**** Extracted information

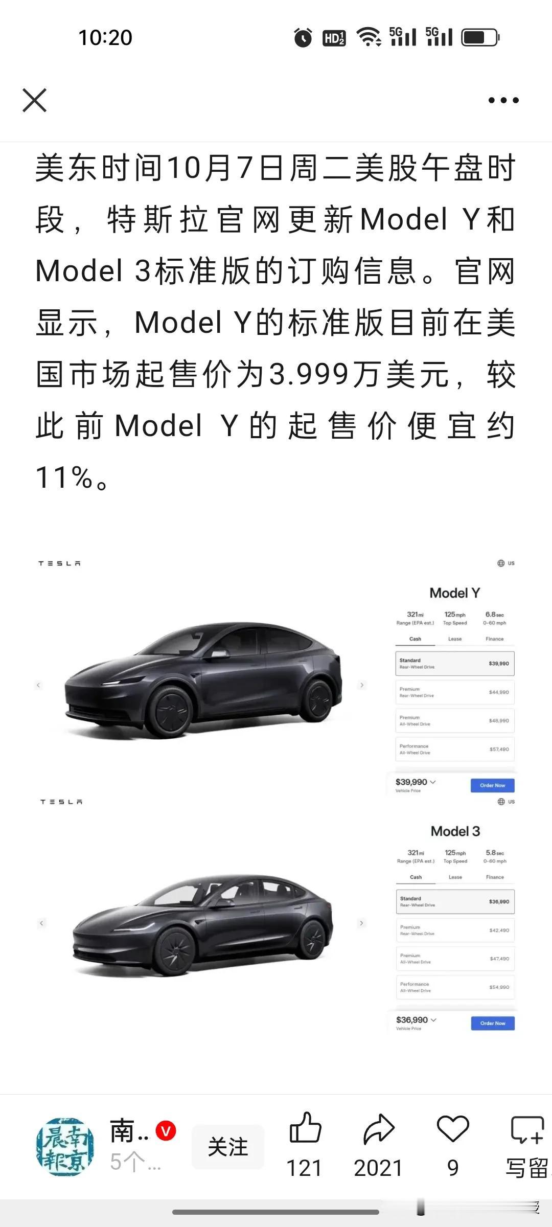 刚刚,特斯拉降价了!一夜之间市值蒸发4600亿!原来特斯拉也开始卷了,宣布将车型Model Y的标准版售价降到了3.99万美元,降幅11%,为了应对政府税收抵免结束。 此轮降价,最直接的影响就是其利润,11%的降幅会直接压缩单车毛利率,这也是市场担忧并导致其市值蒸发的核心原因。 很多有意向的购车者在此轮降价后可能会选择继续观望,看看特斯拉以及其他竞争品牌会不会继续降价,这也间接迫使竞争对手跟进降价,最终会加剧整个市场的内卷烈度。
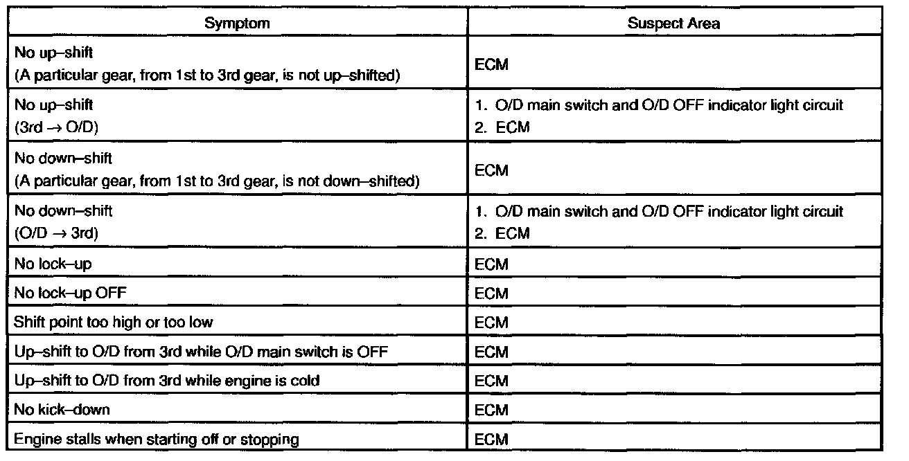 PROBLEM SYMPTOMS TABLEHINT: If a normal code is displayed during the DTC check but the trouble still occurs, check the circuits for each symptom in the order given in the charts and proceed to the given troubleshooting.
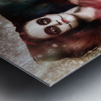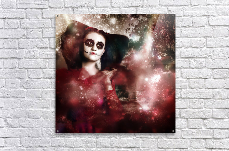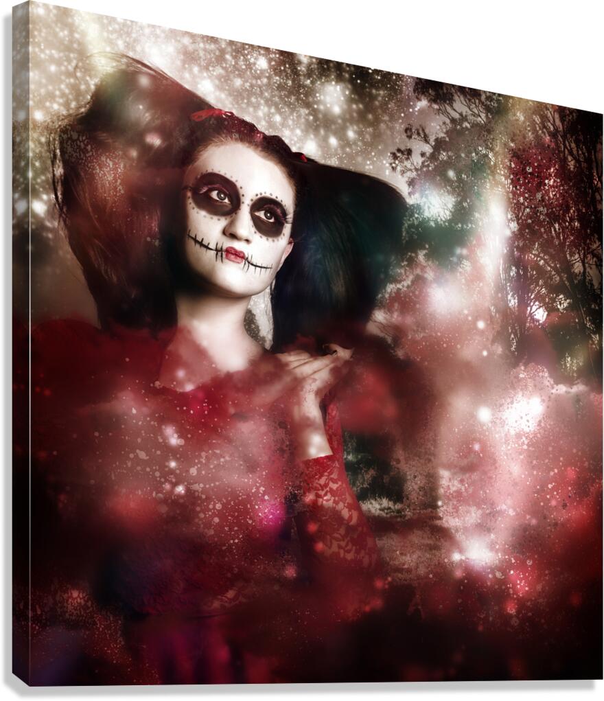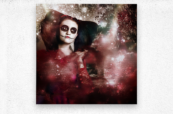 Creative dark artwork of a supernatural sugarskull girl clapping hands to create clouds of energy and light. Death and creation
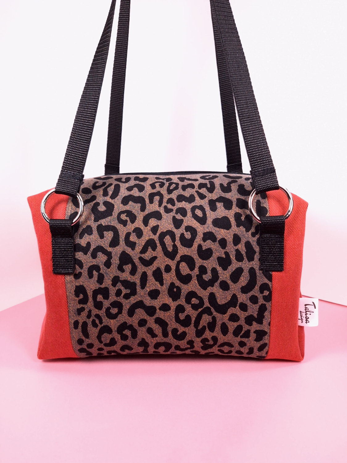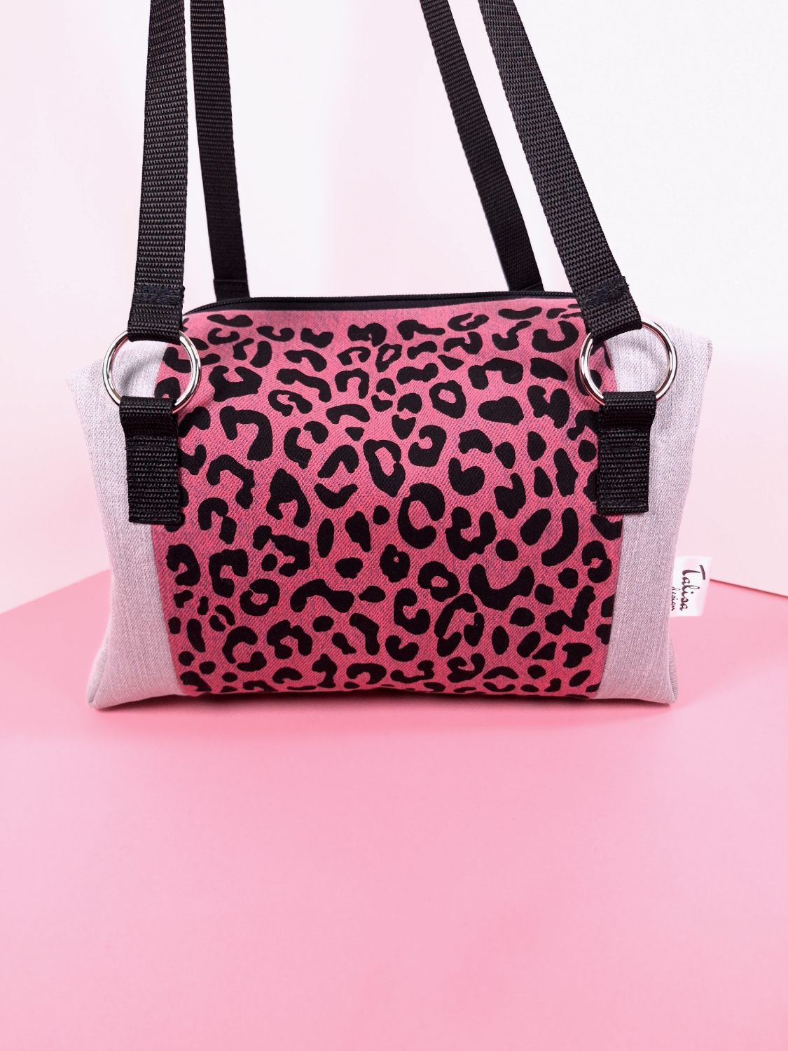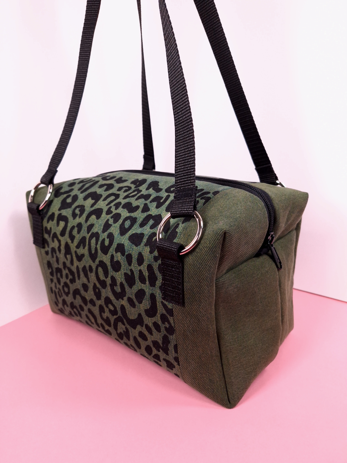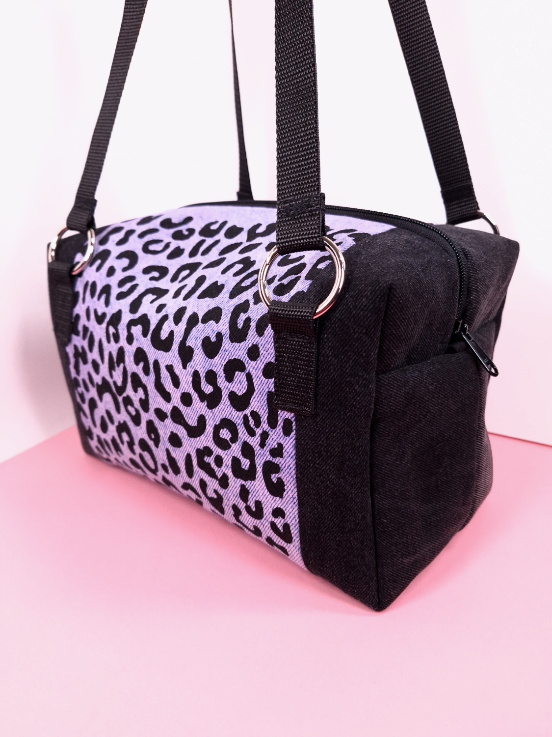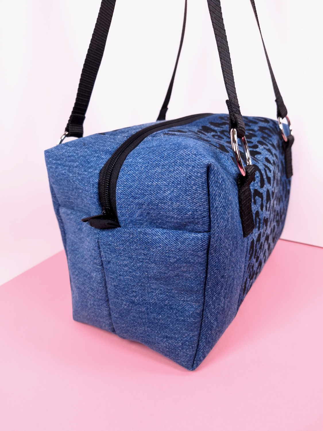 Laukun molemminpuolin on pantterikuosia, joka on painettu käsin kankaanpainoseulalla mustalla kangasvärillä.
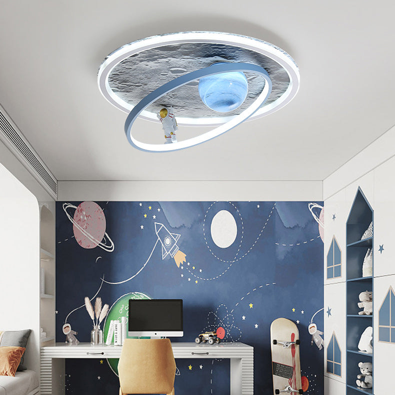 Contemporary Scandinavian Kids Iron Aluminum Resin Acrylic Round Moon Astronaut LED Flush Mount Ceiling Light For Bedroom
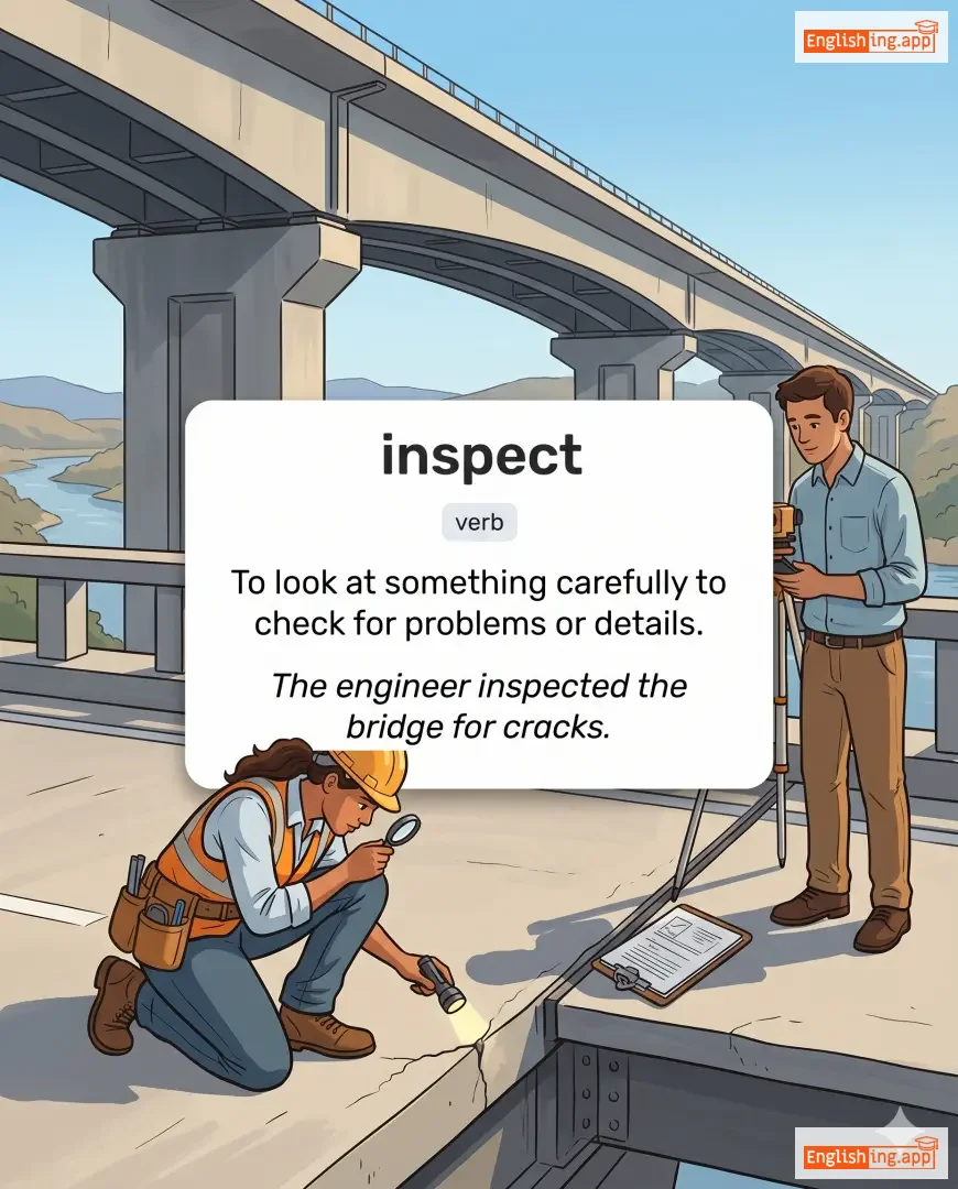 To look at something carefully to check for problems or details.
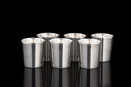 Sei bicchieri in argento leggermente troncoconici con superficie liscia....
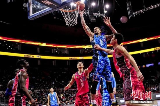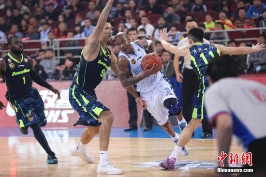 资料图:广东队(蓝)在比赛中。中新社记者 熊然 摄
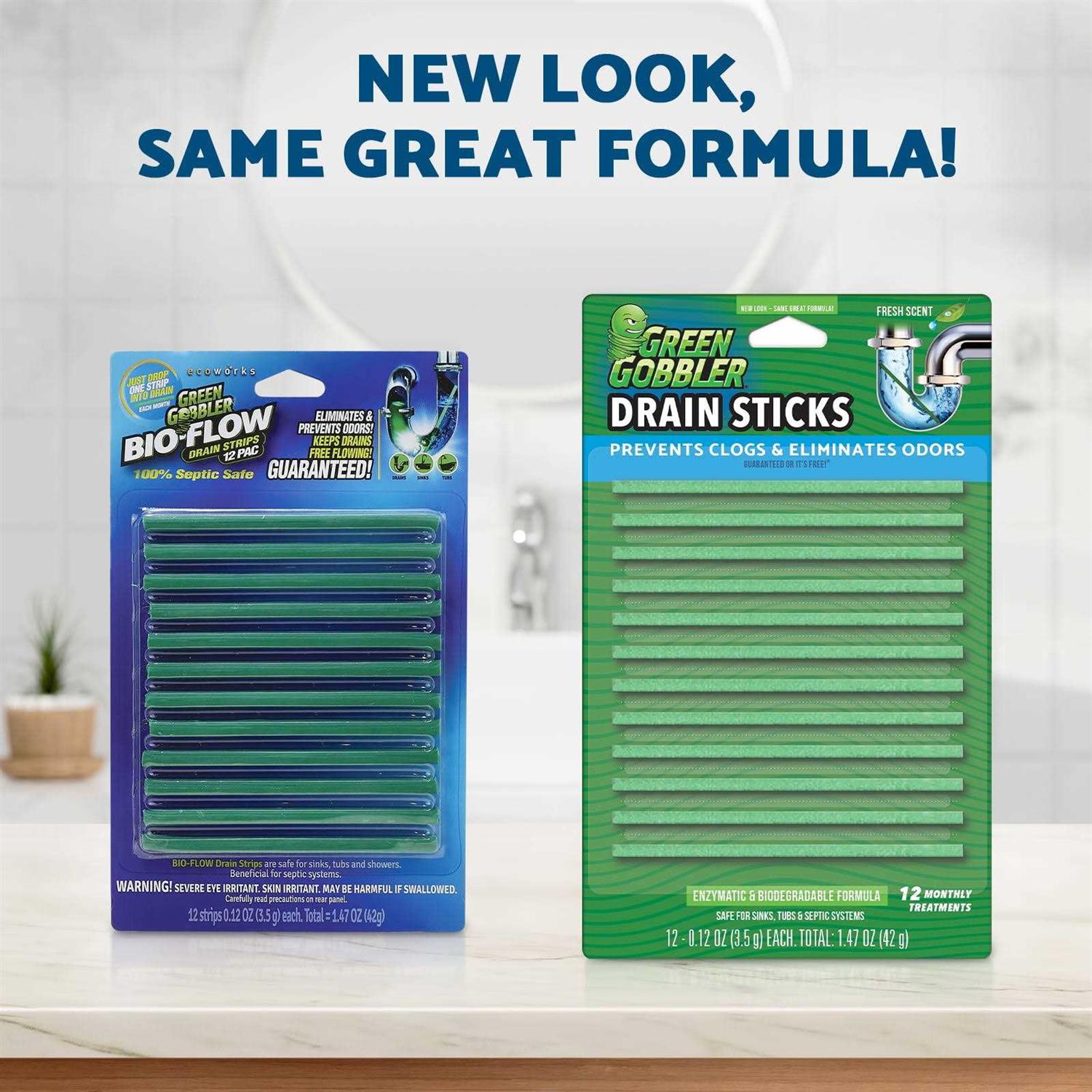 Green Gobbler Bio-Flow Drain Strips 24 | Cleaner & Deodorizer Sticks

********

- What you should do
Copy out all of the entries exactly as they stand, with no pictures in your copy.

- Answer section
 刚刚,特斯拉降价了!一夜之间市值蒸发4600亿!原来特斯拉也开始卷了,宣布将车型Model Y的标准版售价降到了3.99万美元,降幅11%,为了应对政府税收抵免结束。 此轮降价,最直接的影响就是其利润,11%的降幅会直接压缩单车毛利率,这也是市场担忧并导致其市值蒸发的核心原因。 很多有意向的购车者在此轮降价后可能会选择继续观望,看看特斯拉以及其他竞争品牌会不会继续降价,这也间接迫使竞争对手跟进降价,最终会加剧整个市场的内卷烈度。
 PROBLEM SYMPTOMS TABLEHINT: If a normal code is displayed during the DTC check but the trouble still occurs, check the circuits for each symptom in the order given in the charts and proceed to the given troubleshooting.
 Creative dark artwork of a supernatural sugarskull girl clapping hands to create clouds of energy and light. Death and creation
 Laukun molemminpuolin on pantterikuosia, joka on painettu käsin kankaanpainoseulalla mustalla kangasvärillä.
 Contemporary Scandinavian Kids Iron Aluminum Resin Acrylic Round Moon Astronaut LED Flush Mount Ceiling Light For Bedroom
 To look at something carefully to check for problems or details.
 Sei bicchieri in argento leggermente troncoconici con superficie liscia....
 资料图:广东队(蓝)在比赛中。中新社记者 熊然 摄
 Green Gobbler Bio-Flow Drain Strips 24 | Cleaner & Deodorizer Sticks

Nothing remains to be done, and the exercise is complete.